2010-08-19 15:58:23.035
[cssd(6264)]CRS-1605:CSSD voting file is online: ORCL:CLUS2; details in /opt/app/11.2.0/grid/log/hpc1/cssd/ocssd.log.
At the end cluster stack will start but only with two vote disks
crsctl check css
CRS-4529: Cluster Synchronization Services is online
[root@hpc1 oracle +ASM1]# crsctl check crs
CRS-4638: Oracle High Availability Services is online
CRS-4537: Cluster Ready Services is online
CRS-4529: Cluster Synchronization Services is online
CRS-4533: Event Manager is online

crsctl query css votedisk
## STATE File Universal Id File Name Disk group
-- ----- ----------------- --------- ---------
1. OFFLINE 393aebdd039e4fdabf242bf461c45136 () []
2. ONLINE 04daf60741d34f9abf22e76fe22913b2 (ORCL:CLUS2) [CLUSTERDG]
3. ONLINE 2f38bb8318d34f1bbf49d28f6e400f60 (ORCL:CLUS3) [CLUSTERDG]
7. The diskgroup containing the vote disk will be in a dismounted state after the restart.
select name,state from v$asm_diskgroup;
STATE NAME
----------- ---------
DISMOUNTED CLUSTERDG
From crsctl stat
HA Resource                                   Target     State
----------- ------ -----
ora.CLUSTERDG.dg ONLINE OFFLINE
ora.DATA.dg ONLINE ONLINE on hpc1
ora.FLASH.dg ONLINE ONLINE on hpc1
8. Reason for the diskgroup not beign mounted is the failed disk.
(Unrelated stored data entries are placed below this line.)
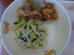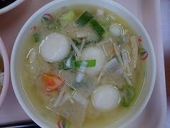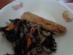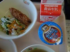 ↓今日の給食です。魚のから揚げ、何かな?いわしやアジとは違うさっぱりしたから揚げでした。これは・・・、トビウオでした。夏の季節感をたっぷりのメニューです。ひじきのきんぴらとごま汁、お餅も入っておいしかったです。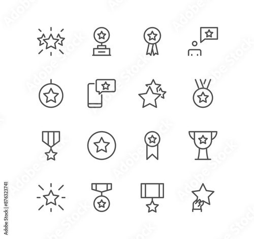 Set of star and related icons, award, rating, medal, ribbon badge, trophy, shining star and linear variety vectors.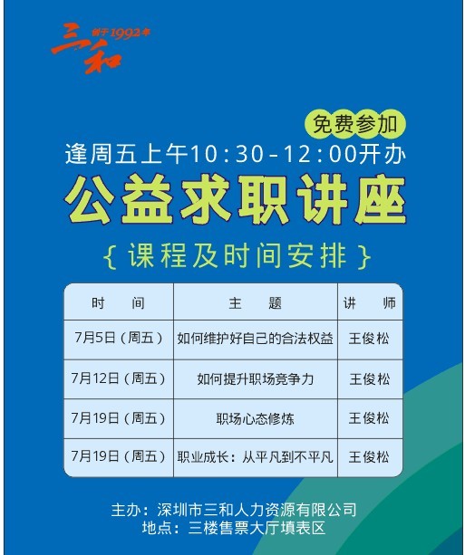三和“把人力资源当作爱心事业来经营”,公益求职讲座自举办以来得到了广大求职朋友的肯定与喜爱,每一期的讲座都给来听讲座的朋友在工作和生活中增添了正能量。七月,龙华三和安排了四场免费的公益讲座,好讲座,让你在职场更轻松!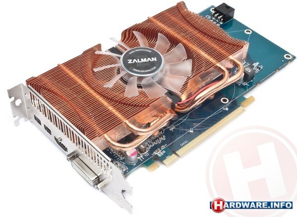Een nieuwe naam in videokaartenland: koelerspecialist Zalman verkoopt sinds enige tijd ook videokaarten gebaseerd op AMD GPU's. Hierbij voorzien met standaard kaarten van een koeler uit eigen stal. Zo ook bij deze Radeon HD 7770 kaart, waar men gekozen heeft voor de eigen VF1000 koeler. Eerst de kaart zélf: de PCB is gelijk aan AMD's referentieontwerp en ook de klokfrequenties zijn ongemoeid gelaten op 1000 MHz voor de GPU en 1125 MHz voor het geheugen. De aansluitingen zijn dual-link DVI, HDMI en twee maal mini-DisplayPort. De koeler is gemaakt van koper en bevat vier heatpipes. Dat belooft veel goeds, maar de praktijk is weerbarstig. Met temperaturen boven de 60 graden is deze Zalman de warmste 7770 van het stel en dat met de laagste klokfrequenties! Is de koeler dan erg stil? Ook niet; 37,1 dB(A) op 10 centimeter afstand is zeker niet slecht, maar Sapphire doet dat beter. Een prijs van de Zalman kaart hebben we nog niet, maar zelfs zonder die te kennen mogen we concluderen dat Zalman niet je eerste keus moet zijn.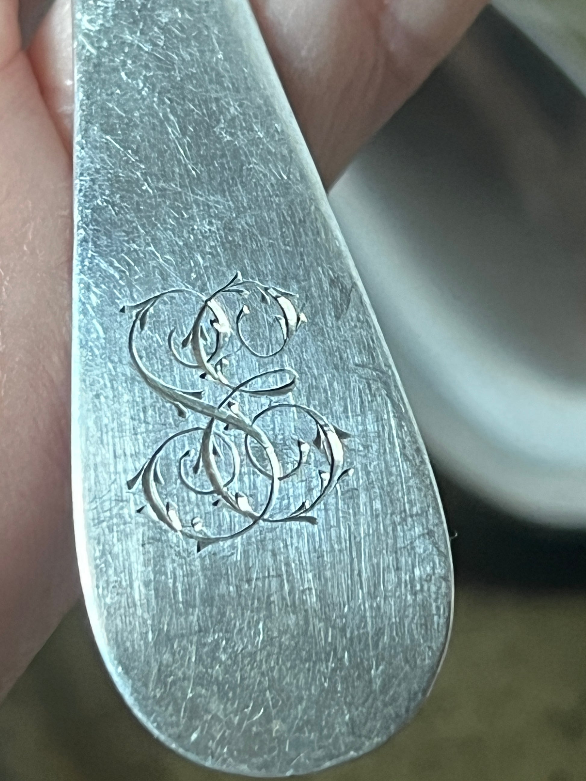 モノグラムの存在から、かつてどこかの家庭で大切に使われていたのではないかと推測される一品です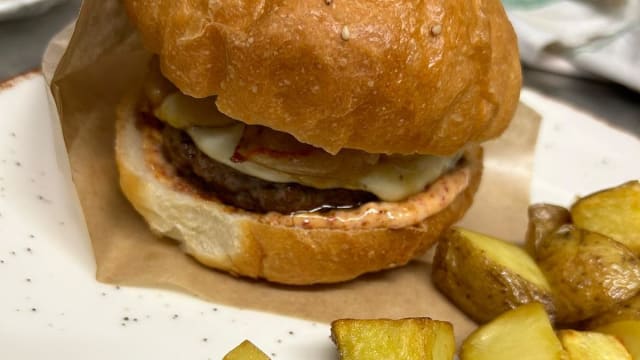 Bun artigianale, hamburger, caciocavallo affumicato, pancetta croccante, pomodorino confit e mayo al crusco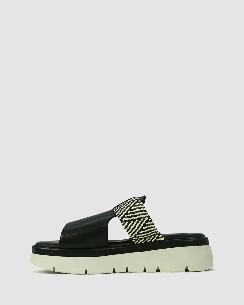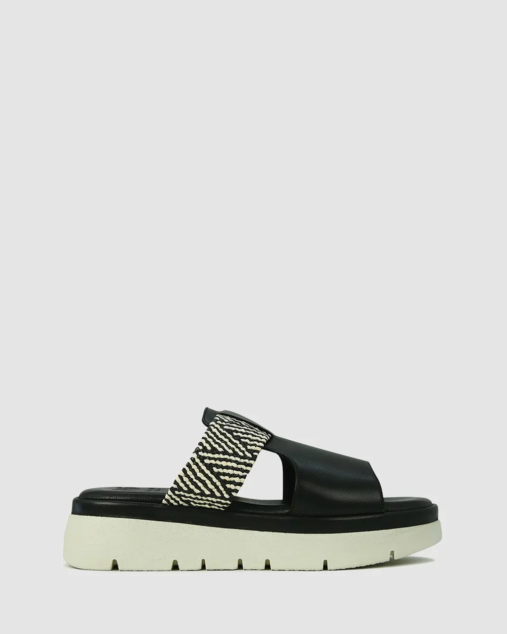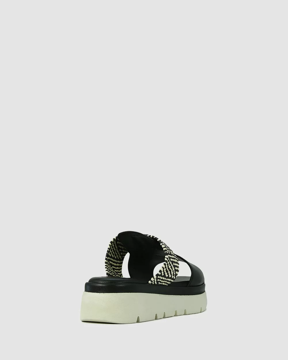– Black leather sandals- Multi white and black fabric – Memory Foam Sole- Open-heeled convenience- Statement elastic for optimal fit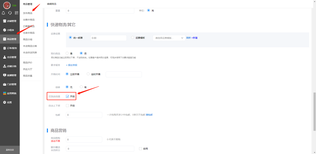 这样门店就拥有自提功能,那怎么样才能发布自提的商品呢?很简单,只需要再发布商品将自提打开,再保存就可以了。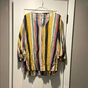 Staccato Yellow and Blue 3/4 Sleeve Boxy Blouse

Following from the ASM alert log
SQL> ALTER DISKGROUP ALL MOUNT /* asm agent */
NOTE: Diskgroup used for Voting files is:
CLUSTERDG
NOTE: cache registered group CLUSTERDG number=1 incarn=0x909ef75f
NOTE: cache began mount (first) of group CLUSTERDG number=1 incarn=0x909ef75f
NOTE: Loaded library: /opt/oracle/extapi/64/asm/orcl/1/libasm.so
NOTE: Assigning number (1,1) to disk (ORCL:CLUS2)
NOTE: Assigning number (1,2) to disk (ORCL:CLUS3)
NOTE: group CLUSTERDG: updated PST location: disk 0001 (PST copy 0)
NOTE: group CLUSTERDG: updated PST location: disk 0002 (PST copy 1)
NOTE: group CLUSTERDG: updated PST location: disk 0001 (PST copy 0)
NOTE: group CLUSTERDG: updated PST location: disk 0002 (PST copy 1)
NOTE: start heartbeating (grp 1)
kfdp_query(CLUSTERDG): 3
kfdp_queryBg(): 3
NOTE: group CLUSTERDG: updated PST location: disk 0001 (PST copy 0)
NOTE: group CLUSTERDG: updated PST location: disk 0002 (PST copy 1)
NOTE: Assigning number (1,0) to disk ()
kfdp_query(CLUSTERDG): 4
kfdp_queryBg(): 4
NOTE: group CLUSTERDG: updated PST location: disk 0001 (PST copy 0)
NOTE: group CLUSTERDG: updated PST location: disk 0002 (PST copy 1)
NOTE: cache dismounting (clean) group 1/0x909EF75F (CLUSTERDG)
NOTE: dbwr not being msg'd to dismount
NOTE: lgwr not being msg'd to dismount
NOTE: cache dismounted group 1/0x909EF75F (CLUSTERDG)
NOTE: cache ending mount (fail) of group CLUSTERDG number=1 incarn=0x909ef75f
kfdp_dismount(): 5
kfdp_dismountBg(): 5
NOTE: De-assigning number (1,0) from disk ()
NOTE: De-assigning number (1,1) from disk (ORCL:CLUS2)
NOTE: De-assigning number (1,2) from disk (ORCL:CLUS3)
ERROR: diskgroup CLUSTERDG was not mounted
NOTE: cache deleting context for group CLUSTERDG 1/-1868630177
WARNING: Disk Group CLUSTERDG containing voting files is not mounted
ORA-15032: not all alterations performed
ORA-15040: diskgroup is incomplete
ORA-15042: ASM disk "0" is missing from group number "1"
ERROR: ALTER DISKGROUP ALL MOUNT /* asm agent */
Since normal redundancy diskgroups can tolarate a failure of one failure group this diskgroup could be mounted with force option.
SQL> alter diskgroup clusterdg mount force;

Diskgroup altered.
9. Once the diskgroup is mounted drop the failed disk, repair and add to the diskgroup and mount the disk group
SQL> alter diskgroup clusterdg drop disk CLUS1;
alter diskgroup clusterdg drop disk CLUS1
*
ERROR at line 1:
ORA-15032: not all alterations performed
ORA-15084: ASM disk "CLUS1" is offline and cannot be dropped.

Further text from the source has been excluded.